(Beginning of Information shown)
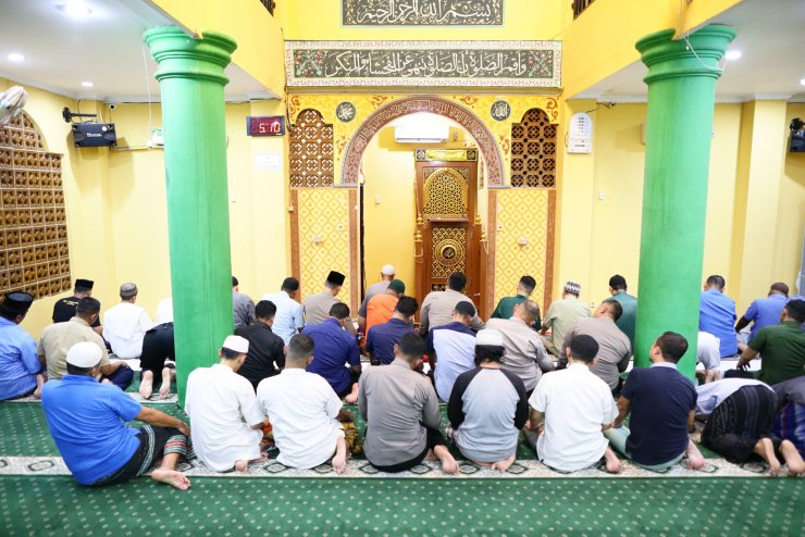 Sholat subuh berjamaah diimami Imam Masjid Nurul Mujahidin yang menjadi salah satu bentuk nyata komitmen Polda Maluku dalam mempererat silaturahmi dengan masyarakat, sekaligus menanamkan nilai-nilai spiritual sebagai landasan moral dalam menjalankan tugas menjaga kamtibmas.
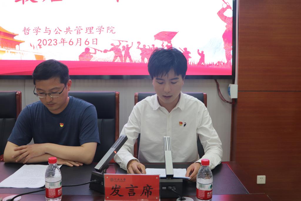 回顾入党经历,感恩党的培养。2019级毕业生党员代表李源以党的理论学习者、传播者和践行者三个角色切入,分享了入党以来的历程与感悟,向学院党委的培养与呵护表示感谢。作为学习者,他以组织委员身份领学理论,依托青马平台学习党的精神;作为传播者,他参与博雅志愿服务宣讲团面向多省宣传党的理论;作为践行者,他将前往祖国西部敦煌开展支教,用行动在西部大地书写河大“自强不息,百折不挠”的精神气概。他号召各位毕业生党员以优秀党员标准严格要求自己,坚定理想信念,敢打敢拼创事业,不负老师、学院、学校培养。
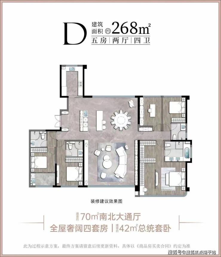 项目占地约3.62万㎡,总建面约12.5万㎡。项目规划7栋高层,层高18-33层,产品共规划有5种户型,115-268㎡四至五房。
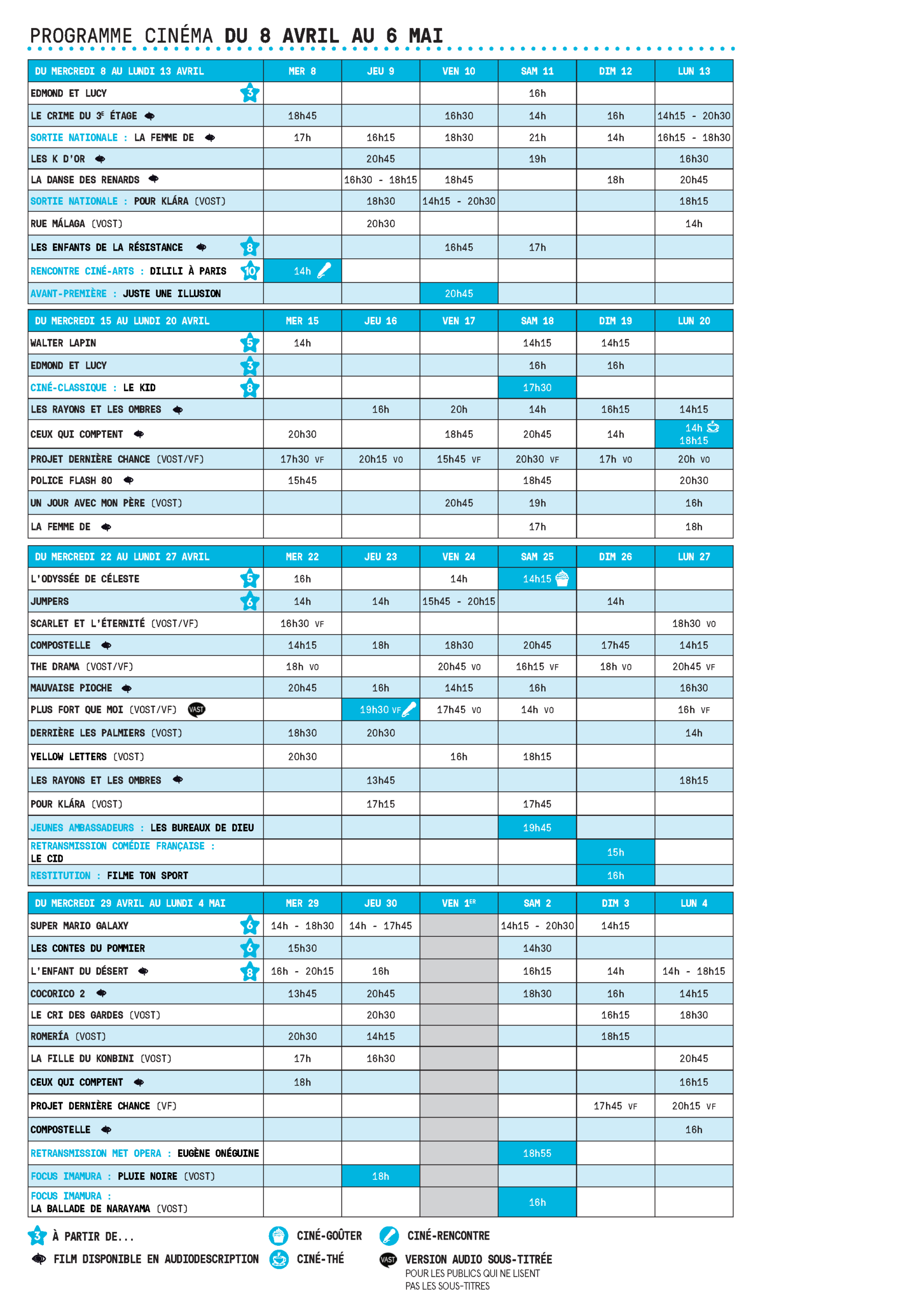 Cinéma Vous êtes ici : Accueil > Mes loisirs > Culture > Théâtre et Cinéma Jacques Prévert > Cinéma Programme cinéma du 11 mars au 6 avril Agenda Cinéma Ciné-Gazette du 11 mars au 6 avril Billetterie
(End of Information shown)
Aim of the task :: With pictures left out, transcribe each line from the one containing "项目占地约3.62万㎡,总建" through the end of the data, both ends included.

Response for this exercise ::
 项目占地约3.62万㎡,总建面约12.5万㎡。项目规划7栋高层,层高18-33层,产品共规划有5种户型,115-268㎡四至五房。
 Cinéma Vous êtes ici : Accueil > Mes loisirs > Culture > Théâtre et Cinéma Jacques Prévert > Cinéma Programme cinéma du 11 mars au 6 avril Agenda Cinéma Ciné-Gazette du 11 mars au 6 avril Billetterie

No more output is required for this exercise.